26.01.2022 08:04 • 27.01.2022 #1


19 Antworten ↓


Flame
Mein Beileid...
Der Tod eines nahestehenden Menschen ist immer ein tiefgreifender Einschnitt.
Mit der Zeit aber wandelt sich die Trauer und das normale Leben rückt wieder mehr in den Vordergrund aber zunächst ist man von der Rolle und das ist ganz normal.

Hast Du eine diagnostizierte Angststörung oder ist das neu für Dich mit den Panikattacken?

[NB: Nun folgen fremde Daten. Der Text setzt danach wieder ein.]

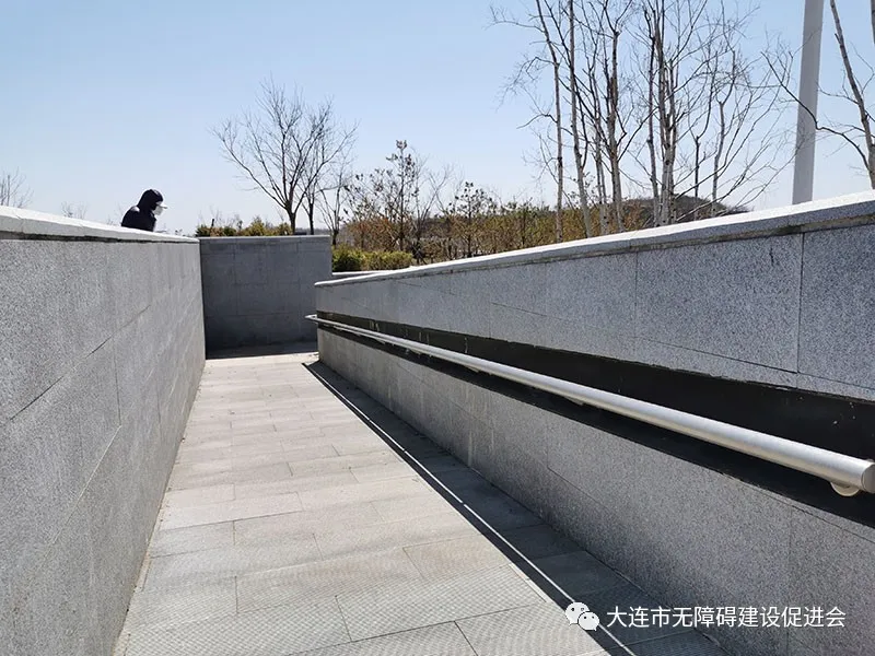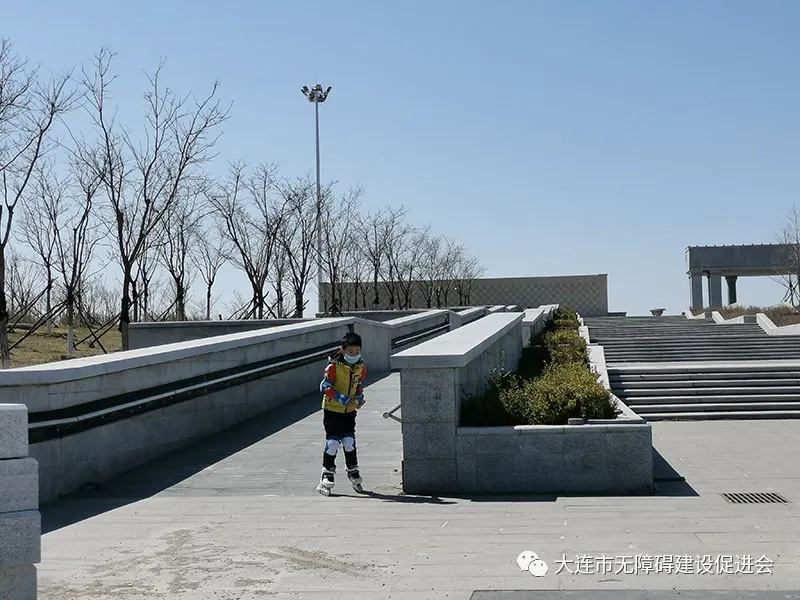 (一)園路構(gòu)成多循環(huán)的閉合無(wú)障礙系統(tǒng)。主要體現(xiàn)為兩個(gè)特點(diǎn):1、臺(tái)階或梯道處必有無(wú)障礙坡道。比如,在航海主題公園的主出入口,佇立著微縮版的大連港客運(yùn)站半圓形的玄關(guān)(原建筑2013年已被拆散)。在玄關(guān)兩側(cè)分別修建了兩層折疊式無(wú)障礙坡道(原建筑沒(méi)有坡道)。公園設(shè)計(jì)考慮到無(wú)障礙需求,在兩側(cè)較為含蓄地設(shè)置了無(wú)障礙坡道——既沒(méi)有破壞原建筑的風(fēng)貌,又為傳統(tǒng)設(shè)計(jì)增加了現(xiàn)代意義。2、無(wú)障礙坡道通達(dá)處皆可通過(guò)平緩下降的園路從另一端通達(dá),即:每個(gè)局部都可以構(gòu)成無(wú)障礙環(huán)路。比如:在蝸牛橋附近的出入口,我們可通過(guò)無(wú)障礙坡道進(jìn)入濱海步道,也可以沿著緩坡、通過(guò)園路到達(dá)同一地點(diǎn)——游客既可通過(guò)輪椅坡道較為快速地到達(dá)濱海步道,也可通過(guò)緩慢降低的園路進(jìn)入濱海步道。非單線閉合的局部微循環(huán)與整體大循環(huán)相結(jié)合,在大連其他公園中則極為罕見(jiàn)。大多數(shù)公園最多只修建一條單線的無(wú)障礙園路,既不能構(gòu)成環(huán)路,也不能形成系統(tǒng)。目前該公園尚處于建設(shè)階段,但預(yù)估園區(qū)的通達(dá)率至少在95%以上。

Ich hatte nach dem Tod meiner Mutter ebenfalls Schwierigkeiten,musste einige Monate täglich deutlich mehr Bedarfsmedikation nehmen als üblich.

Für eine solche Situation ist das vollkommen okay und angemessen.

Nach einigen Monaten merkte ich,dass es mir besser ging und konnte dann die Medikamente auch ohne Probleme langsam wieder auf die übliche Dosis zurückschrauben.

Quäl Dich jetzt nicht noch zusätzlich mit zuviel Gedanken an Medikamente,die nimmst Du nur für den Übergang.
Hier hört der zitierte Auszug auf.